In the records below, find the line with "يَفْتُرُونَ ( ( )", then copy each line exactly until you have copied the line with "Mycosana unhas é". Leave any picture out.

**EXTRACTED DATA:**

******

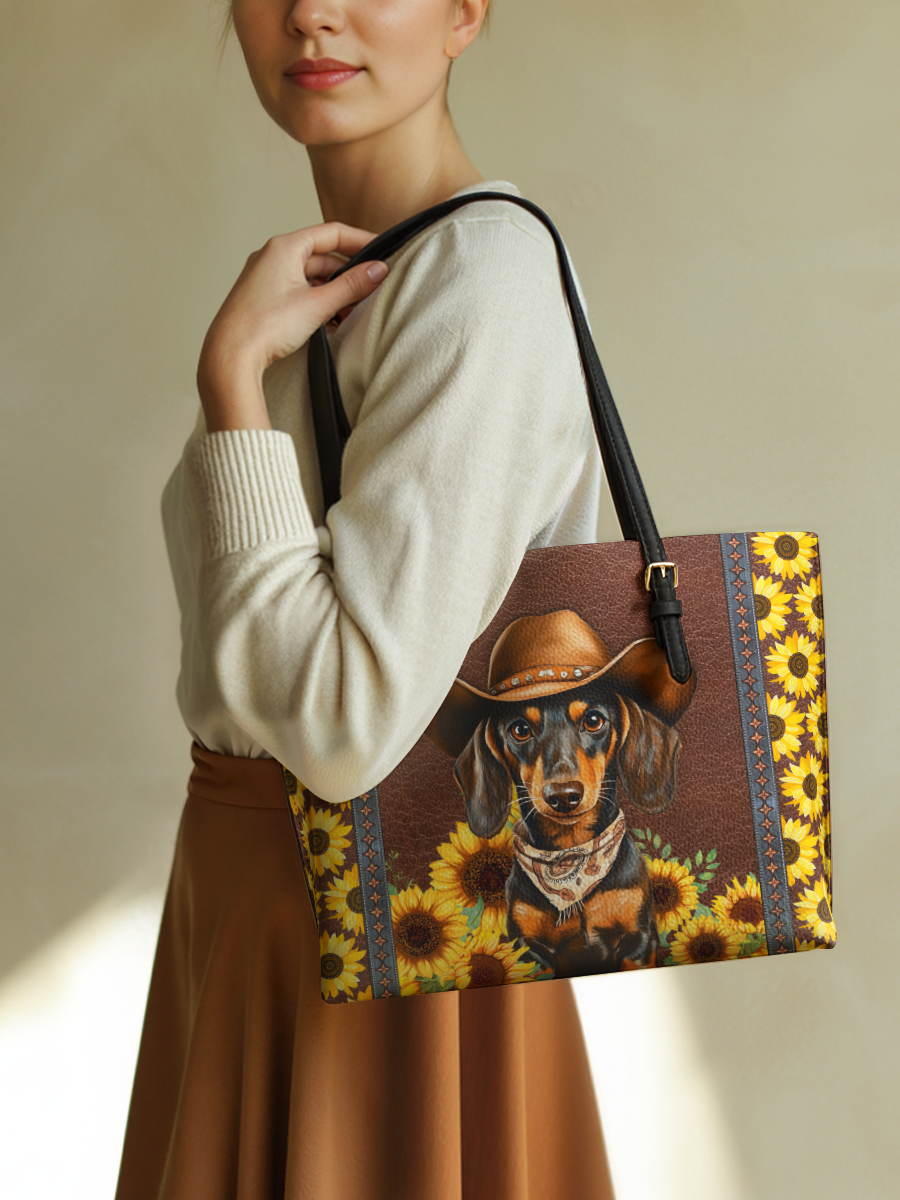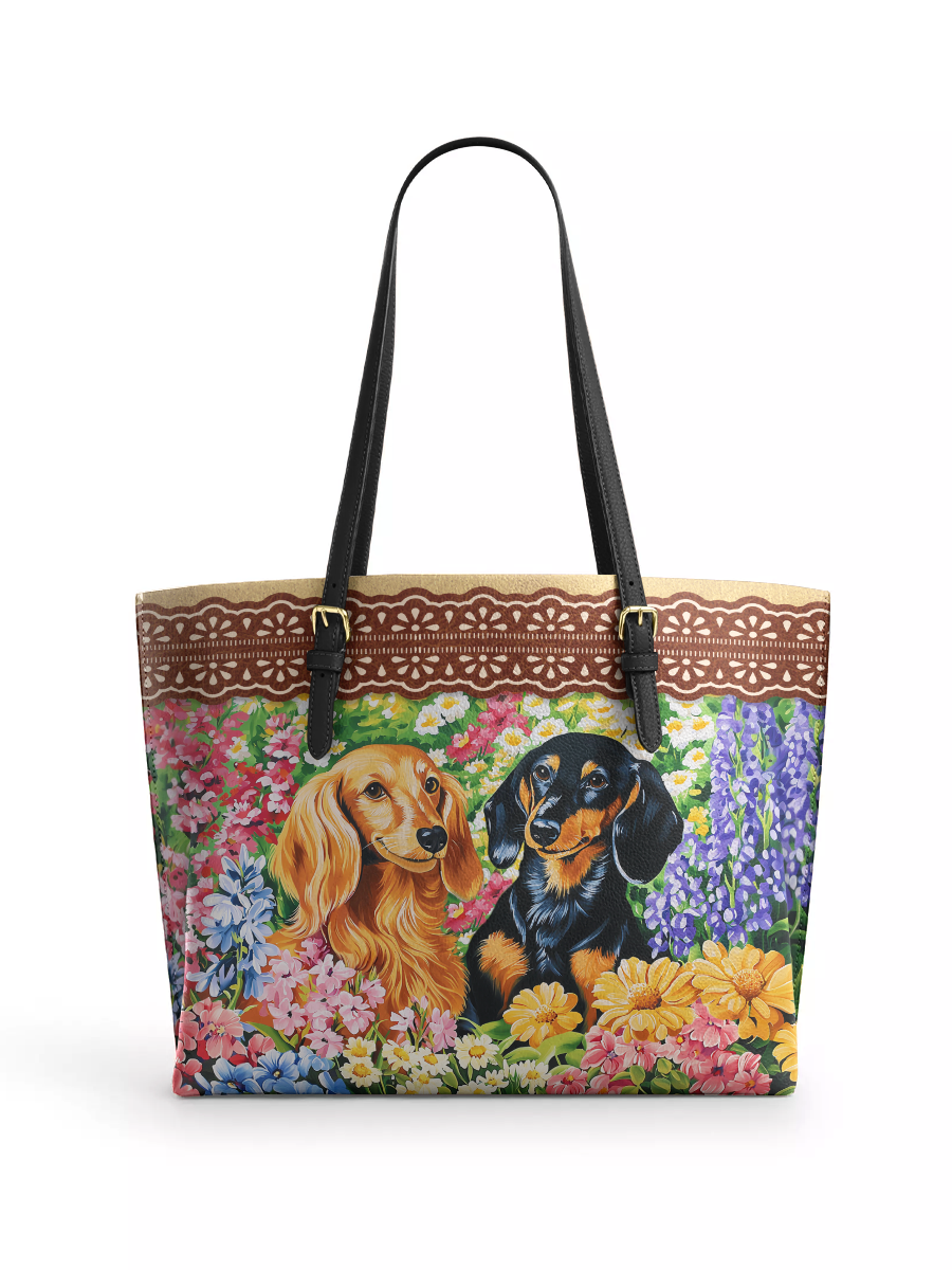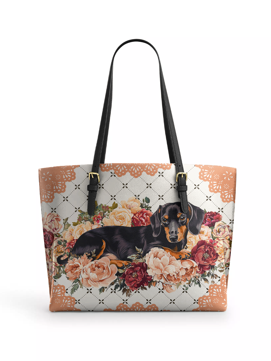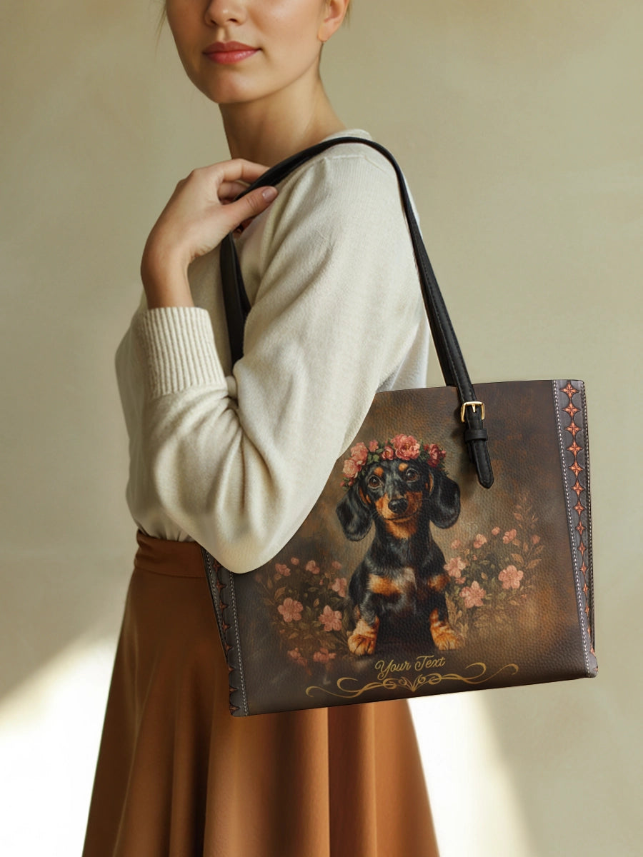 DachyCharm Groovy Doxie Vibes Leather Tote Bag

******

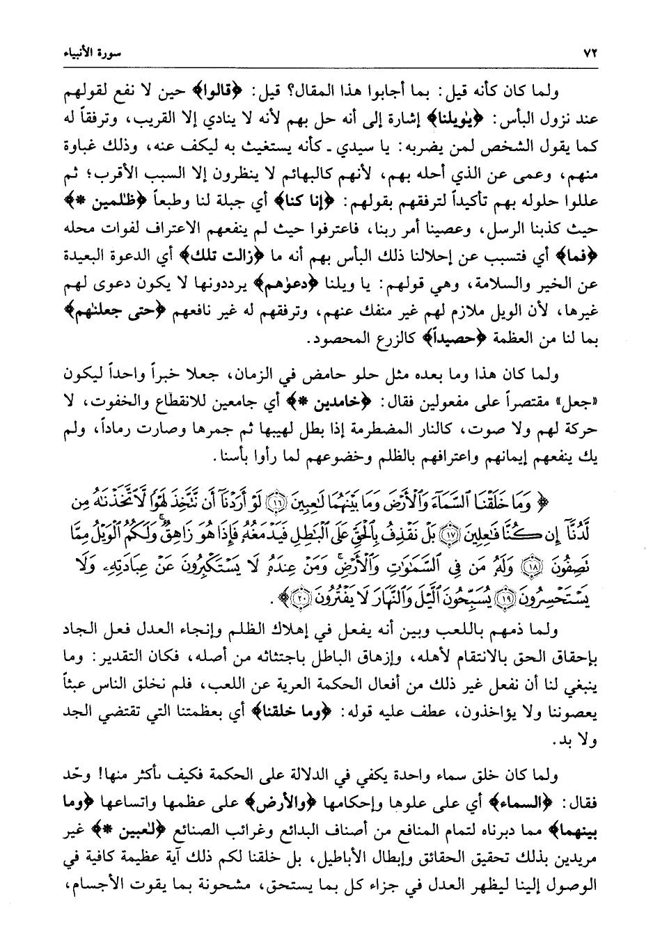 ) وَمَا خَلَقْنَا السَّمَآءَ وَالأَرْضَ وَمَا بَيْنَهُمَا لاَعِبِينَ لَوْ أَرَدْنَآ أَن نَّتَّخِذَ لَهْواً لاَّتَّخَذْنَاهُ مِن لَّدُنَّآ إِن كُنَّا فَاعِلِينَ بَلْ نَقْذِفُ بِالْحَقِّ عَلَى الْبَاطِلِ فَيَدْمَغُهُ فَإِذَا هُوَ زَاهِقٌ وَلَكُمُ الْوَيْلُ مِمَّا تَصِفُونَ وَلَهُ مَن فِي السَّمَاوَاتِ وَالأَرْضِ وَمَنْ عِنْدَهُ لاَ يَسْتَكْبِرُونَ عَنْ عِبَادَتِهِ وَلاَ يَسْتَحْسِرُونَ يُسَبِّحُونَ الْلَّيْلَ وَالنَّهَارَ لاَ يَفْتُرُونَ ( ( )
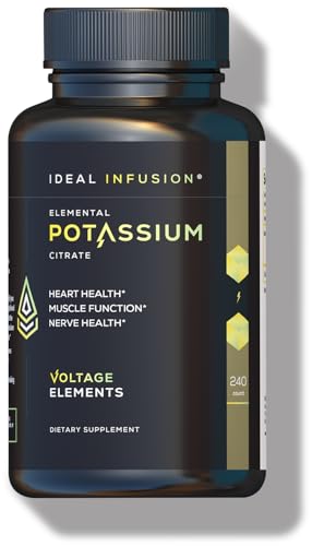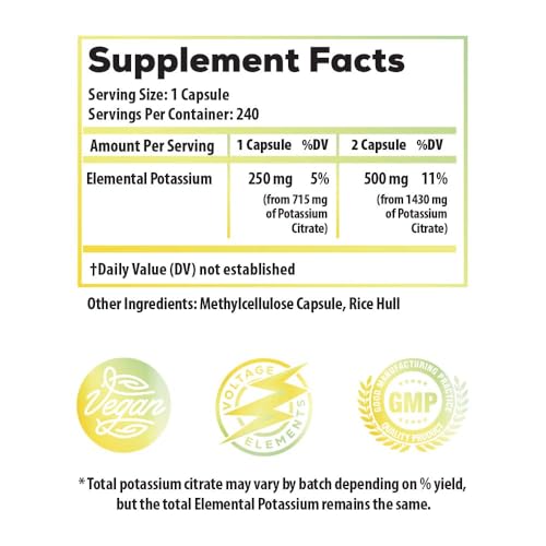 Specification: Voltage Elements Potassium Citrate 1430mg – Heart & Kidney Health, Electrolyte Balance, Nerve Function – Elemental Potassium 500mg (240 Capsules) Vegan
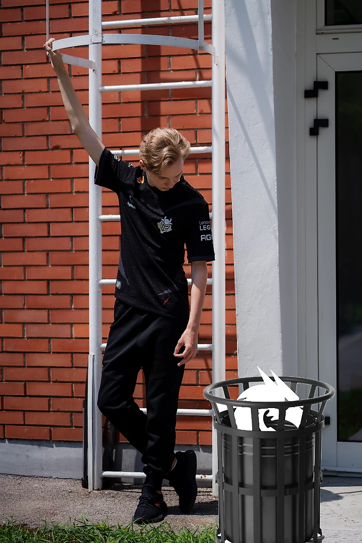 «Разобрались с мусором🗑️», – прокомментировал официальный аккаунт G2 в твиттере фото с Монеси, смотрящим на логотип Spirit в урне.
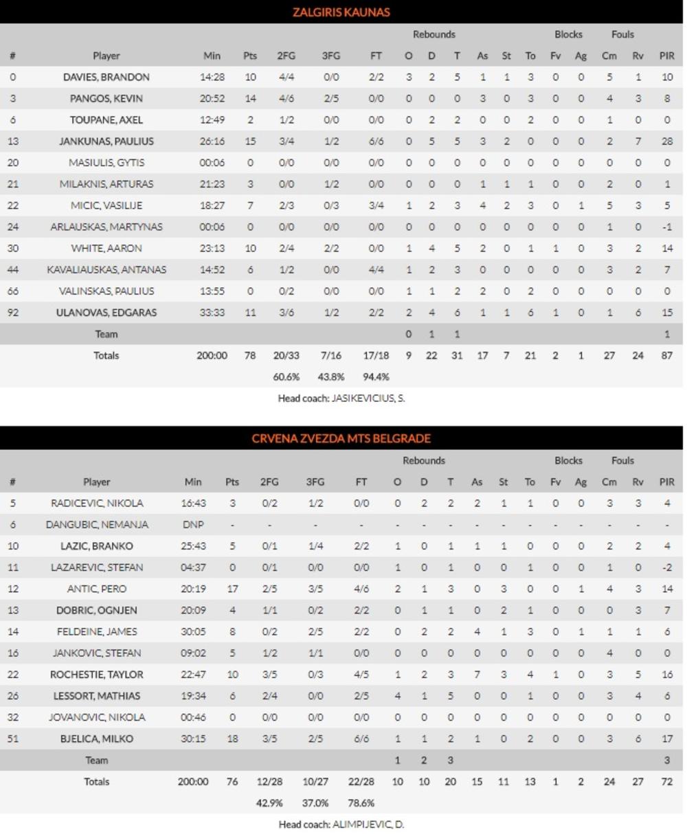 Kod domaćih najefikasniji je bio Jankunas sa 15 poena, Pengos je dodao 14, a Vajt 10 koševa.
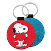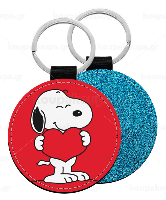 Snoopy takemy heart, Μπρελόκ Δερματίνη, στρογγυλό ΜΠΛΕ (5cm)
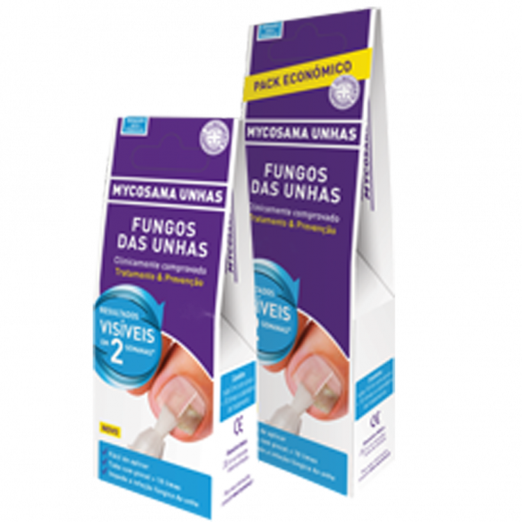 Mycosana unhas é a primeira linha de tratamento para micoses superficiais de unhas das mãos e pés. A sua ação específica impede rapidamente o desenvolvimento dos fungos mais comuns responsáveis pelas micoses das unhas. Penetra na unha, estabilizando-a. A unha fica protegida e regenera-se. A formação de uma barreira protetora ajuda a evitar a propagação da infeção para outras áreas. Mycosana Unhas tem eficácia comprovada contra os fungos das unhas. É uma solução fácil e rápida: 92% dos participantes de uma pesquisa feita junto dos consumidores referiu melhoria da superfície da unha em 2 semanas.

******

**RESPONSE TO THE EXERCISE:**
 ) وَمَا خَلَقْنَا السَّمَآءَ وَالأَرْضَ وَمَا بَيْنَهُمَا لاَعِبِينَ لَوْ أَرَدْنَآ أَن نَّتَّخِذَ لَهْواً لاَّتَّخَذْنَاهُ مِن لَّدُنَّآ إِن كُنَّا فَاعِلِينَ بَلْ نَقْذِفُ بِالْحَقِّ عَلَى الْبَاطِلِ فَيَدْمَغُهُ فَإِذَا هُوَ زَاهِقٌ وَلَكُمُ الْوَيْلُ مِمَّا تَصِفُونَ وَلَهُ مَن فِي السَّمَاوَاتِ وَالأَرْضِ وَمَنْ عِنْدَهُ لاَ يَسْتَكْبِرُونَ عَنْ عِبَادَتِهِ وَلاَ يَسْتَحْسِرُونَ يُسَبِّحُونَ الْلَّيْلَ وَالنَّهَارَ لاَ يَفْتُرُونَ ( ( )
 Specification: Voltage Elements Potassium Citrate 1430mg – Heart & Kidney Health, Electrolyte Balance, Nerve Function – Elemental Potassium 500mg (240 Capsules) Vegan
 «Разобрались с мусором🗑️», – прокомментировал официальный аккаунт G2 в твиттере фото с Монеси, смотрящим на логотип Spirit в урне.
 Kod domaćih najefikasniji je bio Jankunas sa 15 poena, Pengos je dodao 14, a Vajt 10 koševa.
 Snoopy takemy heart, Μπρελόκ Δερματίνη, στρογγυλό ΜΠΛΕ (5cm)
 Mycosana unhas é a primeira linha de tratamento para micoses superficiais de unhas das mãos e pés. A sua ação específica impede rapidamente o desenvolvimento dos fungos mais comuns responsáveis pelas micoses das unhas. Penetra na unha, estabilizando-a. A unha fica protegida e regenera-se. A formação de uma barreira protetora ajuda a evitar a propagação da infeção para outras áreas. Mycosana Unhas tem eficácia comprovada contra os fungos das unhas. É uma solução fácil e rápida: 92% dos participantes de uma pesquisa feita junto dos consumidores referiu melhoria da superfície da unha em 2 semanas.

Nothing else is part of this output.